Ted Cruz IS a natural born citizen of the United States.
Ted Cruz has ALREADY run for President of the United States, so show me any court that ruled he was ineligible fun will you?
ineligible fun will you? = ineligible to run will you?
So have Rubio and Jindal, they are also ineligible.
Go ahead and nominate your favorite ineligible and you will be forfeiting the votes of all of us who know what natural born citizen means.
Natural born citizens are NATURALLY citizens because they CANNOT be anything else.
Anyone who is born also something else is not an natural born citizen, they are the foreigners the founders put the natural born citizen clause in to exclude.
Just SHOW ME ANY COURT ruling that says they and Ted Cruz were ineligible to run for President will ya?
Mere rantings from you just wont do.
You are NOT the law.
And how come you never brought any legal action against there gentlemen yourself, if you really think they were ineligible?
Nah, he just boxed their ears!
There is no rule of law and that should be readily apparent.
Natural born citizen have ONE nationality, that’s why they are NATURALLY citizens...
when do the criminals that perpetrated Russia,Russia,Russia go to trial?
When does the stolen election get rectified?
And that is why we have lost our Republic.
Durham is starting their trial just today.
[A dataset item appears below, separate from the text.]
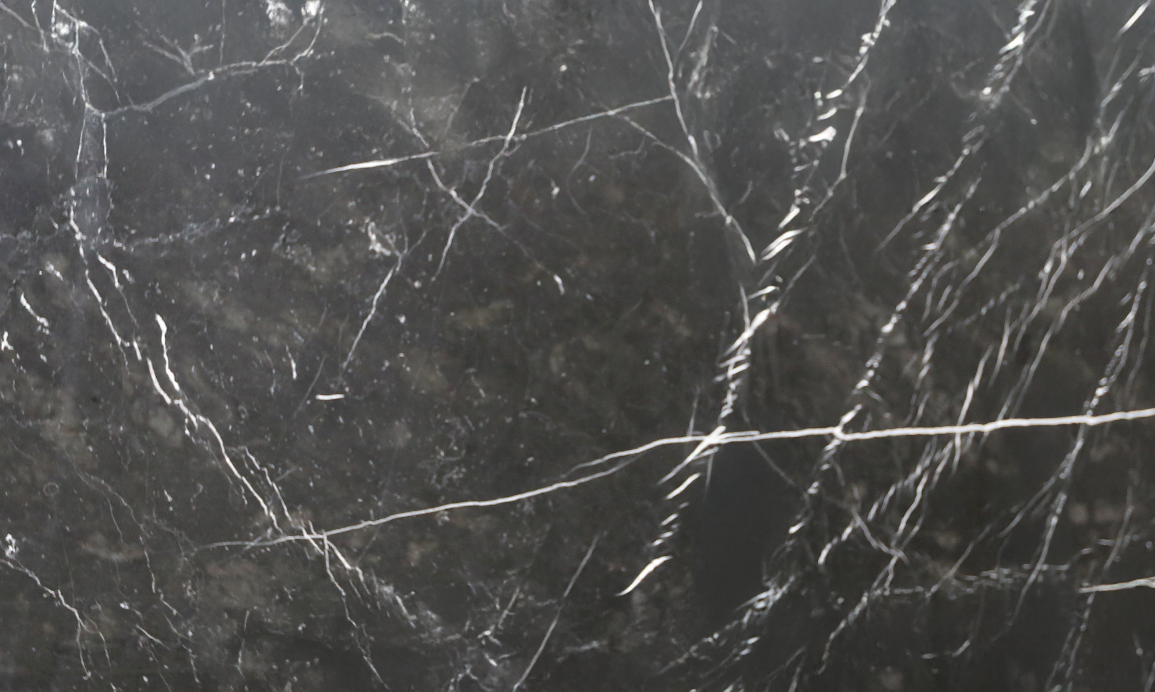 Beschrijving:Spaanse fijnkorrelige compacte kalksteen met een zwarte achtergrond en een verspreide witte adering/fossielen.
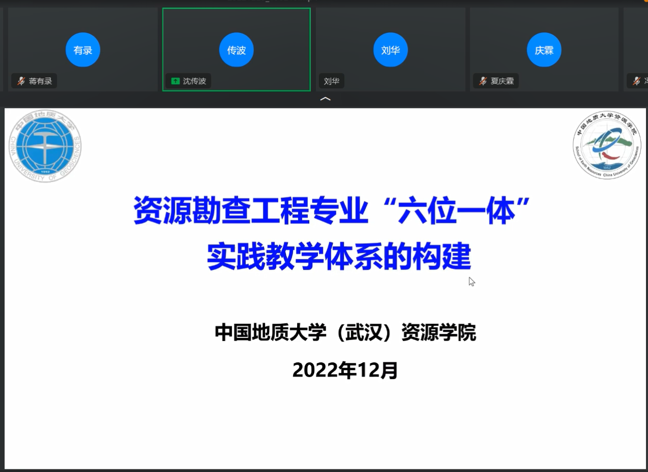 2022年12月25日,资源勘查工程专业教育部虚拟教研室举办了“实践教学体系构建”专题论坛,中国地质大学(武汉)资源学院副经理沈传波教授应邀作《资源勘查工程专业“六位一体”实践教学体系的构建》专题报告。专题论坛由伟德国际1946官网经理刘华教授主持,来自中国石油大学、中国地质大学、中国矿业大学、西北大学等十余所高校的60余名教师参加了专题论坛。

They are facing very serious charges.
Look it up.
I quit trying to reason with Lurch a long time ago. He hates Cruz and it won’t be long until he hates DeSantis.
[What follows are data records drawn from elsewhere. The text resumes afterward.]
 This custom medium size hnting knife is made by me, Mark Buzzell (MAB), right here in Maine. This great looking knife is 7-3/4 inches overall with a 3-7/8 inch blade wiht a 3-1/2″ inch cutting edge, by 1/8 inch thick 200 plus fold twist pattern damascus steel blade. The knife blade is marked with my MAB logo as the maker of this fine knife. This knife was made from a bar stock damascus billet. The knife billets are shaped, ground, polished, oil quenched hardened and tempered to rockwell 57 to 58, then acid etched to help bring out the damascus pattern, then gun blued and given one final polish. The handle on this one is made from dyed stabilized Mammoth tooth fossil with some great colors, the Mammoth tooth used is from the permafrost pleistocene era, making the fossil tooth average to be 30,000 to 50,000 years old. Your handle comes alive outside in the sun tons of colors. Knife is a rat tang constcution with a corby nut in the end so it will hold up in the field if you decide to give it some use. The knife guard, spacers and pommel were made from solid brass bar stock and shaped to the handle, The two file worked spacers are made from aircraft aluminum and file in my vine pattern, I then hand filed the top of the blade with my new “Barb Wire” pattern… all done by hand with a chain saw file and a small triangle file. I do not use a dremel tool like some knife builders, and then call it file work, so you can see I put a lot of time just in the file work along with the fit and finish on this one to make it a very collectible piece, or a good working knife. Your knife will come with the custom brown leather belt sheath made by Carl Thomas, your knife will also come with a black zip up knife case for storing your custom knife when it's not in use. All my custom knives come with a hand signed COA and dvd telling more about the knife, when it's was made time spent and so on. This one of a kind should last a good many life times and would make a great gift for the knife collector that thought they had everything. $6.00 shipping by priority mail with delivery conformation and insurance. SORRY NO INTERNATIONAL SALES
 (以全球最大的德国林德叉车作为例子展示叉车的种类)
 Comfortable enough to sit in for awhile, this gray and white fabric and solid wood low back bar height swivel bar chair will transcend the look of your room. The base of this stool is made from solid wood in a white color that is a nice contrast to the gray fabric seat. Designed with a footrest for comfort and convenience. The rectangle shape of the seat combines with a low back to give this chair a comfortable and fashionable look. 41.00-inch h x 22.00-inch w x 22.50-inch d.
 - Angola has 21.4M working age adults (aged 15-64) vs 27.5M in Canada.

“So, ya take out a personal loan to run your campaign. After election, you can use postelection contributions from corps or groups to pay off a personal loan. Weird.”
Not exactly. Cruz lent his campaign money from his own pocket, and then used the contributions to repay the loan. As long as the loan was used for legitimate campaign expenses and not to pay some relative or friend for “work” on the campaign, I don’t see any issue with him getting repaid for the loan.
later
Actually, what struck me as “weird” about this is that Senator Cruz lent his campaign exactly $10,000 over the $250,000 that he had to have known beforehand would be his repayment limit after the 20-day reimbursement period was up.
By statue, he could only be fully repaid an amount in excess of the $250,000 within 20 days of the election. He knew that. He loaned $260,000 to his campaign. He waited more than 20 days. His campaign, then, could only reimburse $250,000. Stuck with a loss of $10,000, now he’s a “damaged party” in legal terms, and has cause to sue.
I think Sen. Cruz had this sad sack of an FEC statue in his crosshairs the day he made the loan to his campaign, planned all along to get tripped up by it, to be unable to get that last $10,000 back, and then use that as his basis for this suit. That’s damnably shrewd strategy, if you ask me.
I won't bore you with the ad nauseum arguments made years ago, but when the country started, there was very few people actually born in America, so they wanted to make sure the POTUS would have been. After a few years, it became more common for people to be born here so a child born with one parent a citizen became enough.
Obama was raised in Indonesia as a Muslim, but was deemed "American" by the SCOTUS due to his mother. Personally, I believe he gave up his citizenship to be adopted in Indonesia, and also his name was changed. To be POTUS he had to say whether he ever had an alias. Being named "Barry Soretoro" would qualify.
If you live in Texas, please don't vote, other wise we will end up with Beto as Governor because of your hard headedness. Cruz has an American mother and that has settled it in court several times. However you choose to read it, it has been settled in court and he can run and win.
The Supreme Court has not addressed it.